Velocity Reviews (http://www.velocityreviews.com/forums/index.php)
-   C Programming (http://www.velocityreviews.com/forums/f42-c-programming.html)
-   -   hash table - simple implementation (http://www.velocityreviews.com/forums/t953495-hash-table-simple-implementation.html)

wkevin 10-17-2012 09:02 AM

hash table - simple implementation
 
Hi,
I tried to look for as much as simple implementation of a hash table in "c".

The performance and quality of the hash function do not interest me for this
task.

I found quite a lot of such example.

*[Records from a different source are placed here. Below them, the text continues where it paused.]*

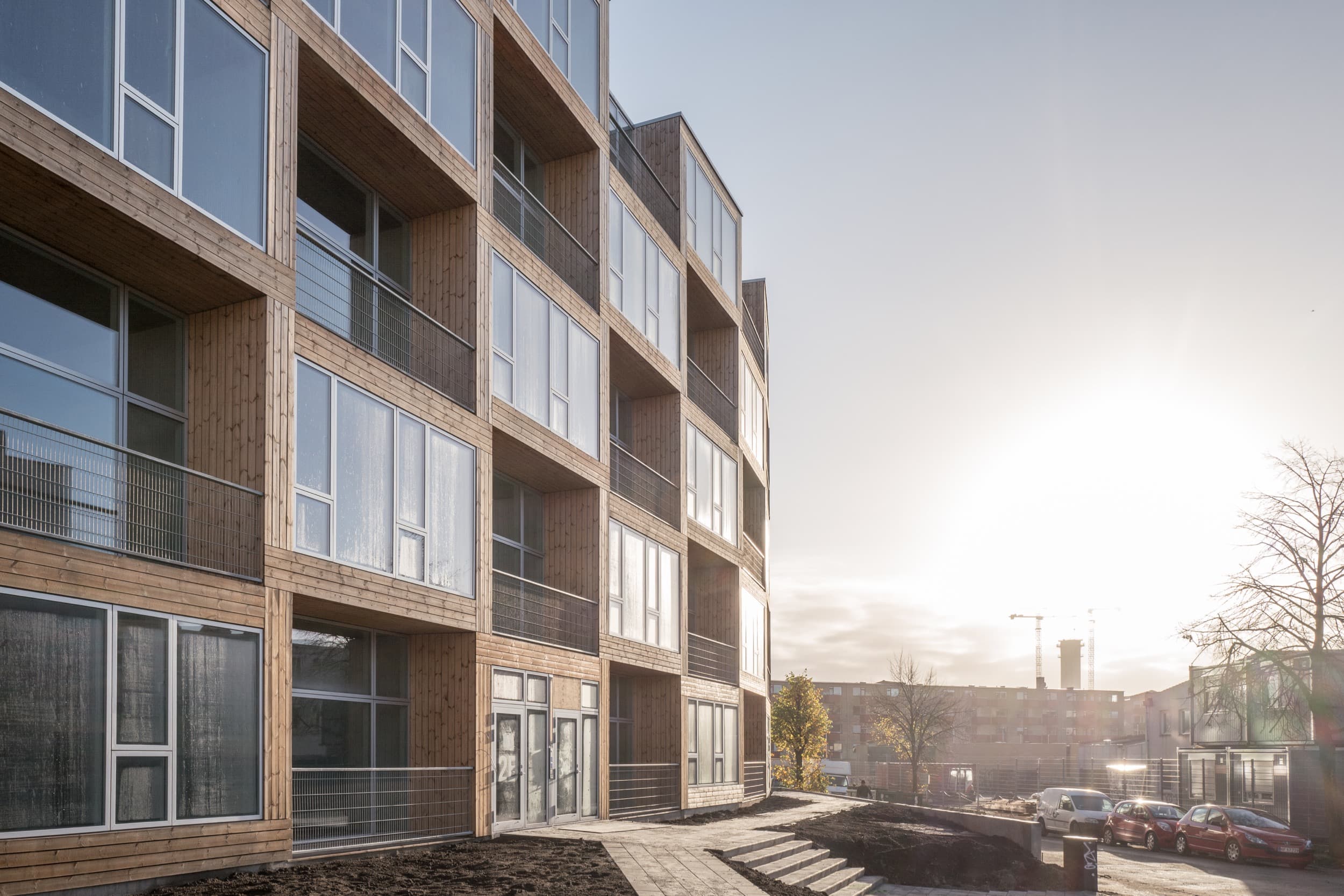 Every other module is set back like a stack of blocks. On the building’s facade, the advantage is obvious. It creates variation and depth, while the wood around the windows creates a distinctive pattern that brings the surfaces to life.
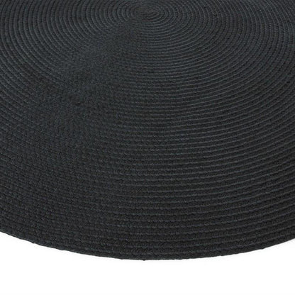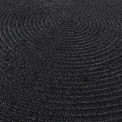 Beautifully simple, this contemporary round, charcoal grey rug is handwoven in India from 100% polyester yarns making it highly durable and weatherproof.
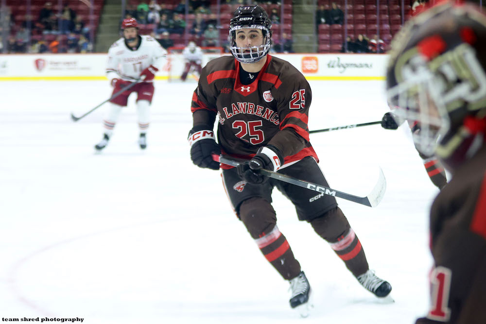 St. Lawrence University Skating Saints‘ graduate defenseman Jack Babbage(25) looks like he is well on his way to scoring college career highs this season with 4 assists in 16 games.

When I reviewed the code, I always found
that something seems to be more complex than needed, and some logic which seems
that can be simplified, some redundant code, etc.

So I tried writing my own.

I tried it on some test cases and it was ok.
I would appreciate if you could review it correctness; I mean, are there
inputs where it will not work correctly?


Here is the code:

#include <stdlib.h>
#include <string.h>
#include <stdio.h>

struct entry {
char *key;
char *val;
struct entry *next;
};


typedef struct entry entry_t;

struct hashtable {
struct entry **table;
int size;
};

typedef struct hashtable hashtable_t;

int hashfn(char *key, hashtable_t *htable)
{
int sum=0, i;
for (i=0; i<strlen(key);i++)
sum+=key[i];
return sum%htable->size;
}

void insert(hashtable_t *htable, char *key, char *val)
{
int hash;
hash = hashfn(key,htable);
entry_t *entry = htable->table[hash];
entry_t *last;
entry_t *new_entry;
while (entry != NULL) {
// replace
if (strcmp(entry->key,key) == 0) {
entry->val = val;
return;
}
last = entry;
entry = entry->next;
}

new_entry = malloc(sizeof(entry_t));
if (!new_entry) {
printf("could not allocate memory for new_entry\n");
return;
}

new_entry->key = key;
new_entry->val = val;
new_entry->next = NULL;
if (htable->table[hash] == NULL)
htable->table[hash] = new_entry;
else
{
// first
if (entry == htable->table[hash])
htable->table[hash] = new_entry;
else
last->next = new_entry;
}
}

char *get(hashtable_t *htable, char *key)
{
int hash = hashfn(key, htable);
entry_t *entry = htable->table[hash];
while (entry != NULL) {
if (strcmp(entry->key,key) == 0)
return entry->val;
entry = entry->next;
}
return NULL;
}


hashtable_t *ht_create(int size)
{
int i;
hashtable_t *htable = malloc(sizeof(hashtable_t));
if (!htable)
return NULL;
htable->table = malloc(size * sizeof(entry_t *));
if (!htable->table)
return NULL;
for (i=0; i<size; i++)
htable->table[i] = NULL;
htable->size = size;
return htable;
}

int main()
{
hashtable_t *htable = ht_create(10);
if (!htable)
return;
insert(htable,"aba","111");
insert(htable,"bbb","222");
insert(htable,"aab","333");
printf("get(aba)=%s\n", get(htable,"aba"));
printf("get(bbb)=%s\n", get(htable,"bbb"));
printf("get(aab)=%s\n", get(htable,"aab"));
}



rgs,
Kevin


Phil Carmody 10-17-2012 12:12 PM

Re: hash table - simple implementation
 
wkevin <wkevils@gmail.com> writes:
> int hashfn(char *key, hashtable_t *htable)
> {
> int sum=0, i;
> for (i=0; i<strlen(key);i++)


I know you said that performance didn't interest you, but I'm always
hypersensitive to unnecessary use of strlen. There's no point iterating
down the string twice. You don't need the length, you know when to stop
already - when you reach the \0.

for (i=0; key[i]; i++)

> sum+=key[i];
> return sum%htable->size;
> }


Phil

--
Regarding TSA regulations:
How are four small bottles of liquid different from one large bottle?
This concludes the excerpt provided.